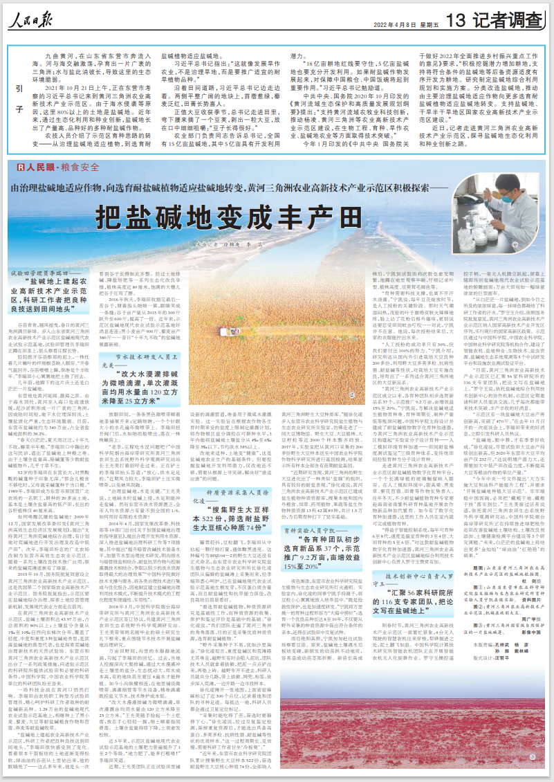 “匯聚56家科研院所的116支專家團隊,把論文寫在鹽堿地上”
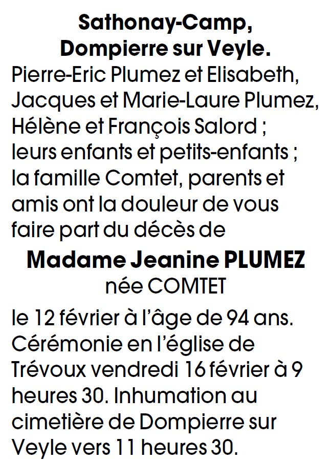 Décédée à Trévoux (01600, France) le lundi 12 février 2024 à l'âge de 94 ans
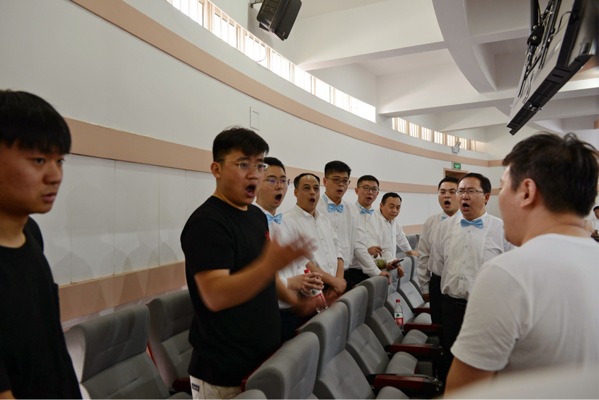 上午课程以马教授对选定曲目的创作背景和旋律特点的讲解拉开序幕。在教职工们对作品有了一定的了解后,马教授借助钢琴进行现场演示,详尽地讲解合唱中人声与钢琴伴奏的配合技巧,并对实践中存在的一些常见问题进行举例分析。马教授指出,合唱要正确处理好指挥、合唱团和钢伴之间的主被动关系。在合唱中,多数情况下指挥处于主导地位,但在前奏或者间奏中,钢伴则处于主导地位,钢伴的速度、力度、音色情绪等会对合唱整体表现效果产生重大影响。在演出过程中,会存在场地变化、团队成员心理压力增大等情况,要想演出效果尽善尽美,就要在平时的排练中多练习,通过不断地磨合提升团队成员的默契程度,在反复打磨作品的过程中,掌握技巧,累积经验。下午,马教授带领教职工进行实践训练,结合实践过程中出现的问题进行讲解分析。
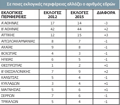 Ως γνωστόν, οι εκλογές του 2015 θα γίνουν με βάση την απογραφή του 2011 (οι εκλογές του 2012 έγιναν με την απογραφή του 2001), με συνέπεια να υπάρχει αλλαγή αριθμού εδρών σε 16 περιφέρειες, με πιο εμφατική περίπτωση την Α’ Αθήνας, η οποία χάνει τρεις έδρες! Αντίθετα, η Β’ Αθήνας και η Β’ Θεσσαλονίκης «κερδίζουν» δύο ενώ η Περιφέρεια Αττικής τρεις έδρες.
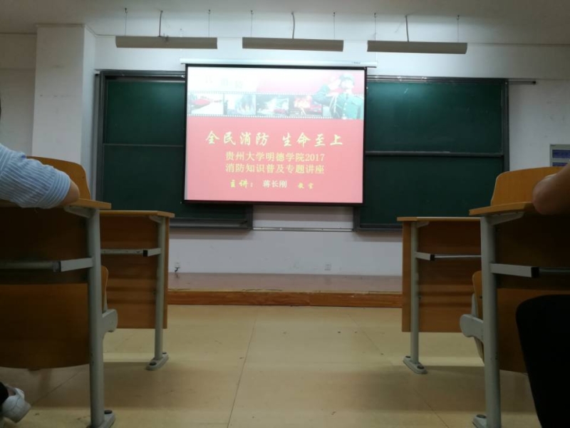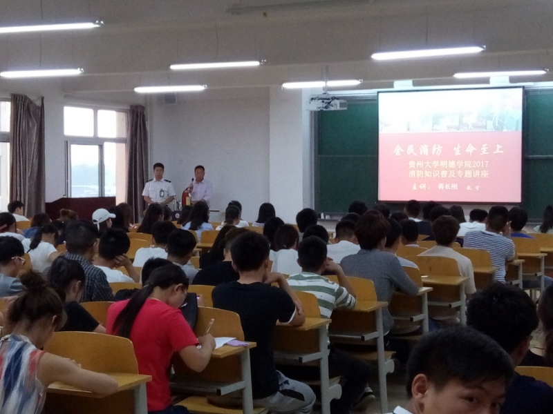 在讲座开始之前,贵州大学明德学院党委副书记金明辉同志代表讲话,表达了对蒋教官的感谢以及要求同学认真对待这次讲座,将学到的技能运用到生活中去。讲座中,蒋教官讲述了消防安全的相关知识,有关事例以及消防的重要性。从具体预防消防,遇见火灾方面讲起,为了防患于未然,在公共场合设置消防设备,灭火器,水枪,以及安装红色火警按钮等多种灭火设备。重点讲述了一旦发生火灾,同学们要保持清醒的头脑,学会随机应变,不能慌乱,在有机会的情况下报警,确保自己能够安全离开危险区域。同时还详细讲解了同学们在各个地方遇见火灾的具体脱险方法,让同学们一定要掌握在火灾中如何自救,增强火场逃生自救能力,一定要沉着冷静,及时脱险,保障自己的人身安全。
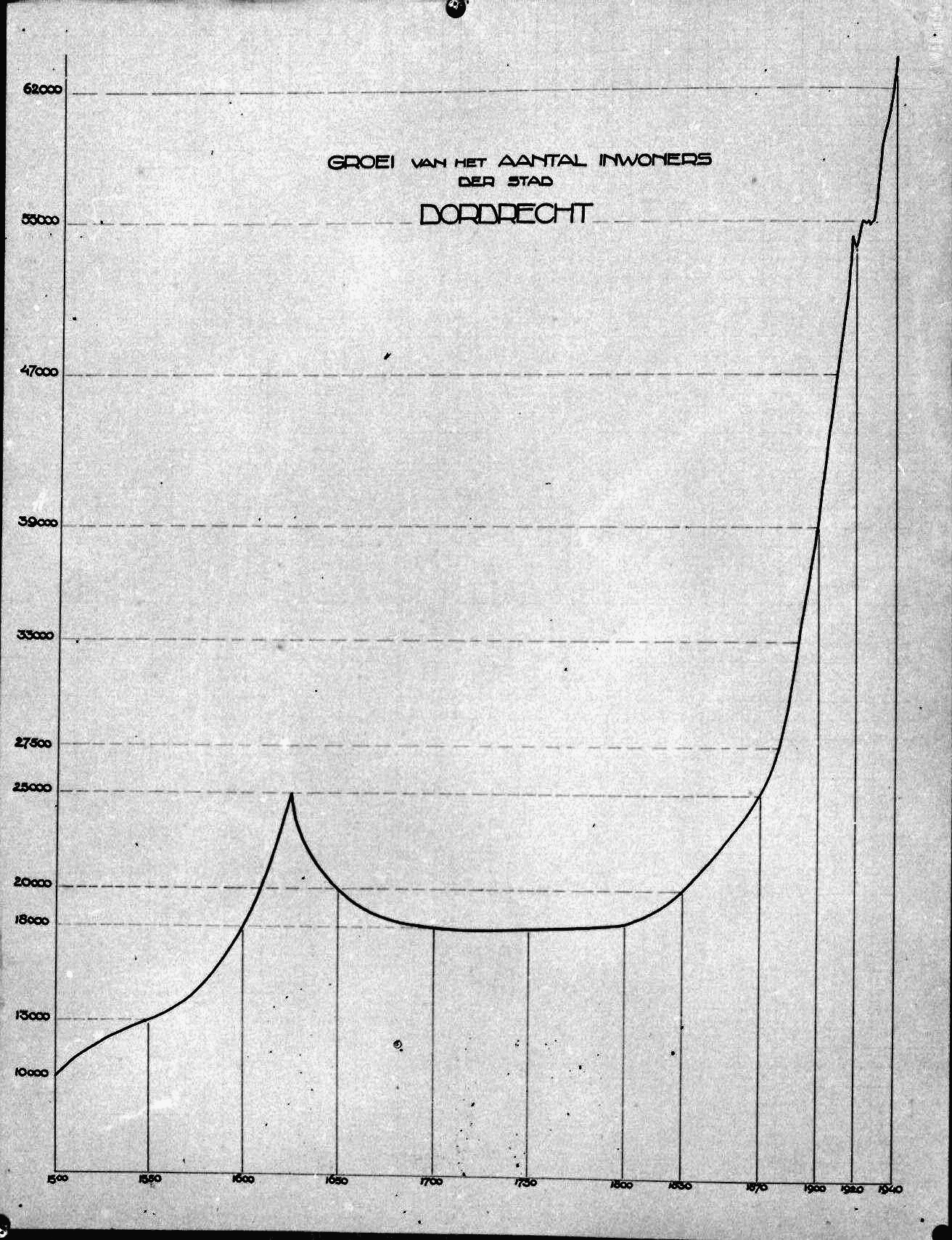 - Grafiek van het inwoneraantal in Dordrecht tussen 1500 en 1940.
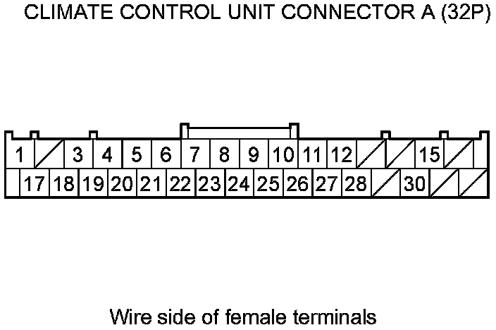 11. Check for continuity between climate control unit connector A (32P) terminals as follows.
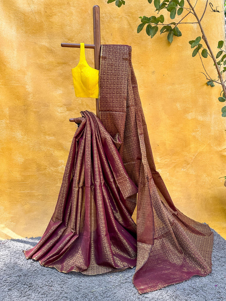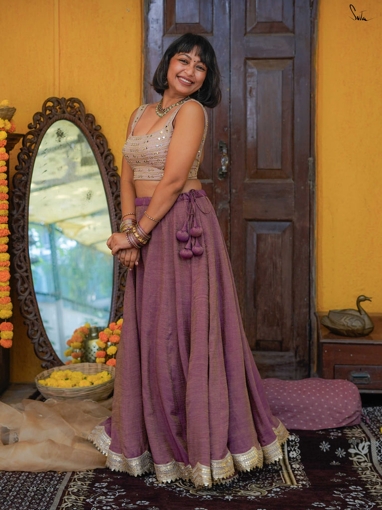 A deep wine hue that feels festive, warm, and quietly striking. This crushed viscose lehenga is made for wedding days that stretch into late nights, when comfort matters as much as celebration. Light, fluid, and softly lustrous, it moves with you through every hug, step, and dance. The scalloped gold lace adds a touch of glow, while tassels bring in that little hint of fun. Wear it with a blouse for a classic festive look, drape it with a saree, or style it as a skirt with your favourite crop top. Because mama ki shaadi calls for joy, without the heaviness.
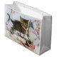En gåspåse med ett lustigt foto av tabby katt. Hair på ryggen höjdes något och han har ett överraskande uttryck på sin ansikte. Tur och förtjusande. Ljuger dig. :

* * *

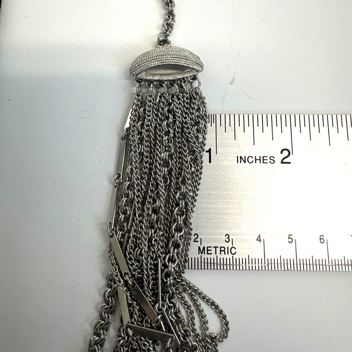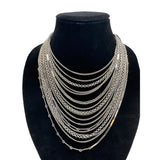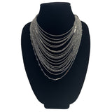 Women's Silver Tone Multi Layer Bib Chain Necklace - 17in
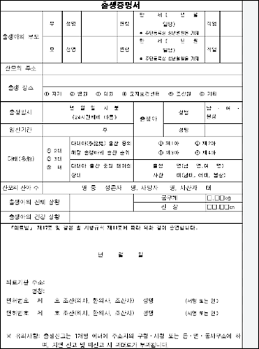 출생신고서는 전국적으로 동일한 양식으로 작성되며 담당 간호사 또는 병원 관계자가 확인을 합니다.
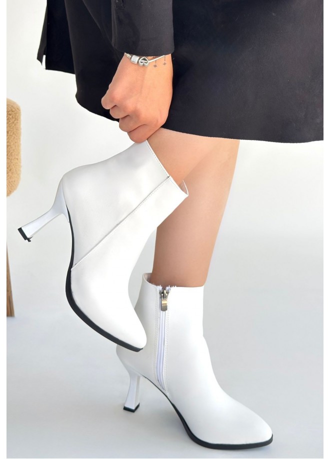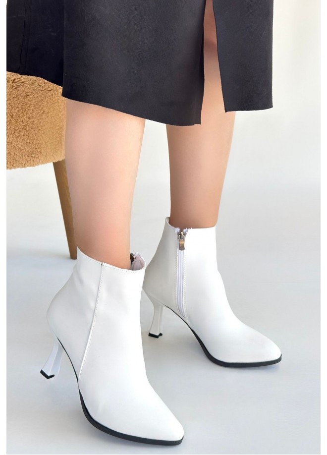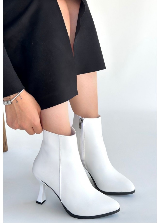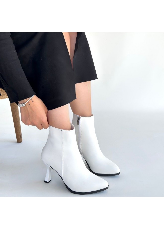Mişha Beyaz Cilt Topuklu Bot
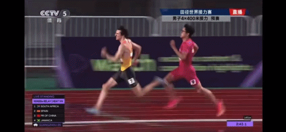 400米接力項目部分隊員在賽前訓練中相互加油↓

**Problem**
In the records above, find the line with "출생신고서는 전국적으로 동일한" and the line with "400米接力項目部分隊員在賽前訓練中相互加油↓". Write out exactly those lines and every one between, with no pictures and no other lines.

**Solved problem**
 출생신고서는 전국적으로 동일한 양식으로 작성되며 담당 간호사 또는 병원 관계자가 확인을 합니다.
Mişha Beyaz Cilt Topuklu Bot
 400米接力項目部分隊員在賽前訓練中相互加油↓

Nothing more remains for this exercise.